Updated: July 09, 2020 10:33 AM
Created: July 08, 2020 10:16 PM
ALBUQUERQUE, N.M. — Discussions of whether students should go to school in-person next month have ramped up this week.
The CDC issued guidelines for a return and is expected to release more soon.
President Trump said Wednesday those guidelines are “impractical” and “expensive”, and wants students to learn in-person. He also threatened to withhold federal funding from districts that stay online-only.
One local parent’s three teenagers miss school, but she said she’ll opt to keep them at home.
“I have a weakened immune system, my parents are elderly, so we feel like it would be a risk for them to go back to school,” said Connie Gashler.
Gashler said young kids can’t be expected to use social distancing all the time.
“If this is happening regularly in a school setting in close quarters, teachers aren’t going to be able to regulate that, and they can’t be expected to,” she said.
Another parent is torn on the decision, and sees how one of her sons would benefit from returning.
“I think they need to be back in school, but it’s concerning for kids who have underlying health conditions,” said Rio Rancho parent Jennifer Wells.
Wells said it should matter that lots of kids are unhappy not being in school.
“These kids are suffering. Their mental stability is just not good right now,” she said. “They miss their friends. They miss the social activities.”
Many school districts haven’t decided or haven’t released their fall plan yet including APS, Rio Rancho, Santa Fe, Los Lunas and others. Those districts have until Wednesday to submit their plans to the state.
KOB 4 reached out to APS to learn more about their plans, but a spokesperson said the district will not announce anything before next Wednesday.
APS has been considering online-only and hybrid models. They will also be expanding its eCADEMY to all students K-12 for parents who feel uncomfortable sending their child in-person.

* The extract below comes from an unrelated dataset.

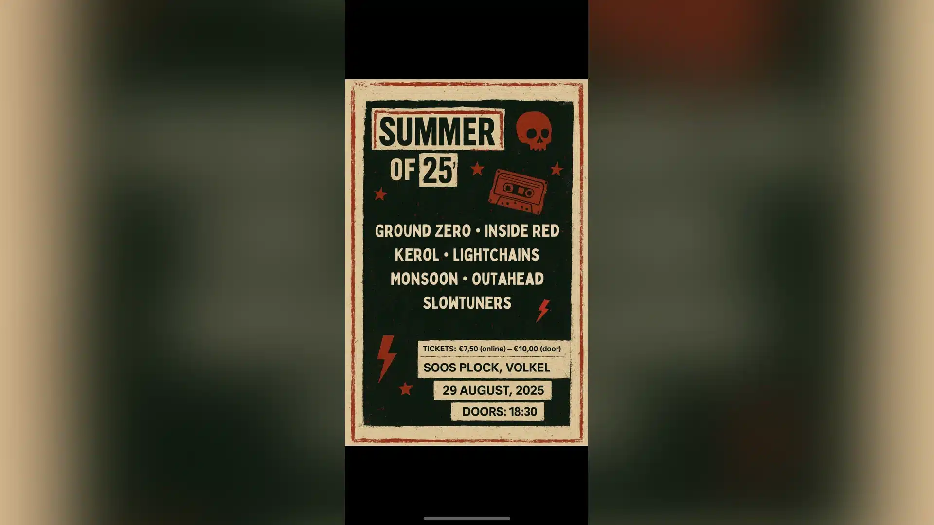 De band Ground Zero presenteert dan vanaf 18.30 uur Summer of ‘25 met optredens van Ground Zero zelf, maar ook Inside Red, Kerol, Lightchains, Monsoon, Outahead en Slowtuners. Het programma biedt een mix van rock tot grunge, punk en nu-metal.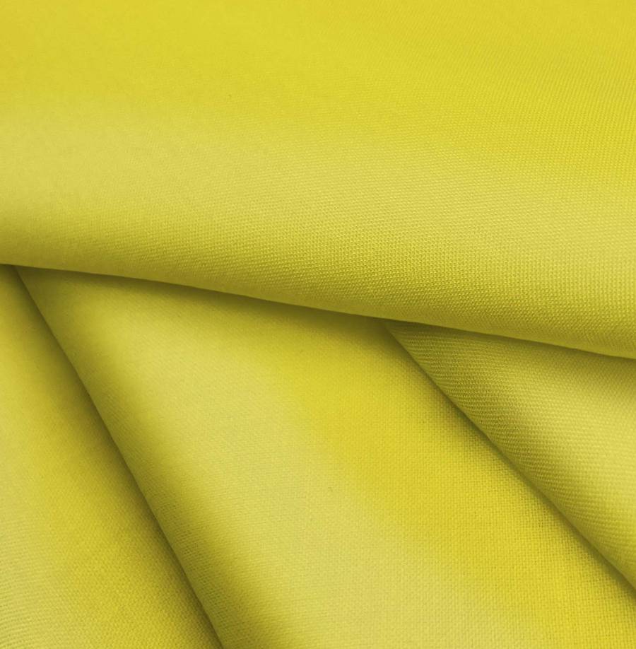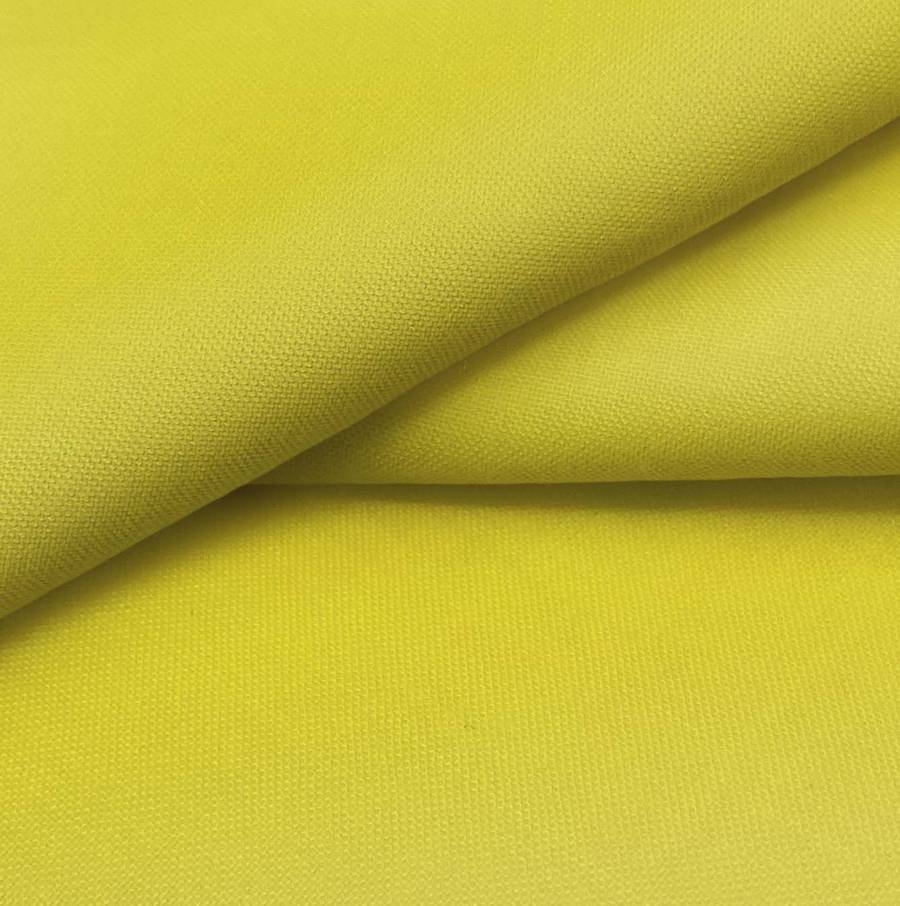 La tela base Voile Ligero - Kyoto es de color amarillo bambú, con una composición de 100% poliéster y un gramaje de 79 gr/m2. El color liso impreso tiene un CMYK de 22 19 91 3, lo que le da un tono amarillo cálido y vibrante. Combina especialmente bien con tonos tierra como marrones y verdes.

In Santa Fe, teachers got 500 signatures on an online petition that asks questions about reopening.
District leaders should decide the in-person questions early next week. Because so many parents may keep their kids home, Santa Fe may allow the rest of the students—or all students in certain grades—to come to school every day.
“If that’s what families want and I have the staff to be able to provide it, then we will do it,” said Dr. Veronica Garcia, superintendent of SFPS.
The school districts are also waiting to hear from the state public education department and the governor, who may make new recommendations soon.